How to Master Pay and Bill With Analytics: Hours Worked

pay and bill

Pay and bill is one of the most crucial elements of the business to get right and it’s also one of the trickiest. Inaccurate invoices are the fastest way to lose a client and damage your reputation. So how can you excel at pay and bill?

Providing accurate pay and bill experience ultimately comes down to using the right tools, implementing an effective process, and monitoring and tweaking that process accordingly. In this series, we’ll cover 5 KPIs that allow you to do exactly that. Last week, we discussed profitability and margin. This week: hours worked.

 

What is it?

Hours worked is what it sounds like: the number of hours your workers have clocked for their active placements.

 

What does this metric tell me about my business?

Analyzing the number of hours worked to help your business better understand trends and segmentation. With visibility into how hours-worked are trending over time and making year-over-year comparisons, you can better understand growth areas or potential trouble with clients. You can get more targeted by segmenting this data by geography, client, role, and more. This can also uncover how many overtime hours are being clocked, which could inform additional decisions to hire more candidates or review the shifts.
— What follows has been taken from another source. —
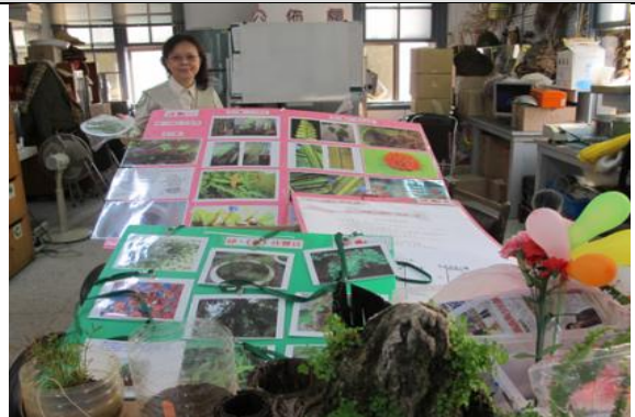
學習單作者—爾玟 8 點就來準備教具

Lastly, understanding how hours-worked is trending can enable much more accurate operational and financial forecasting for weeks and months to come.

 

How do you measure it?

Use ad-hoc reporting to show timesheet details for your candidates currently on assignment. Organize the report by time (week, month, quarter) or by type of hours (regular, overtime, holiday).

 

 Consider combining with:

profitability and margin metrics to better inform financial and efficiency goals for the team and to more accurately report on the financial progress of the business. Also consider combining with timesheet approvals; clients that regularly dispute timesheets may result in decreased jobs and hours worked.

It is also as important to see who hasn’t submitted time and/or is no longer at the client. This analysis provides agencies a clear understanding of their available candidate pool and avoids missing redeployment opportunities.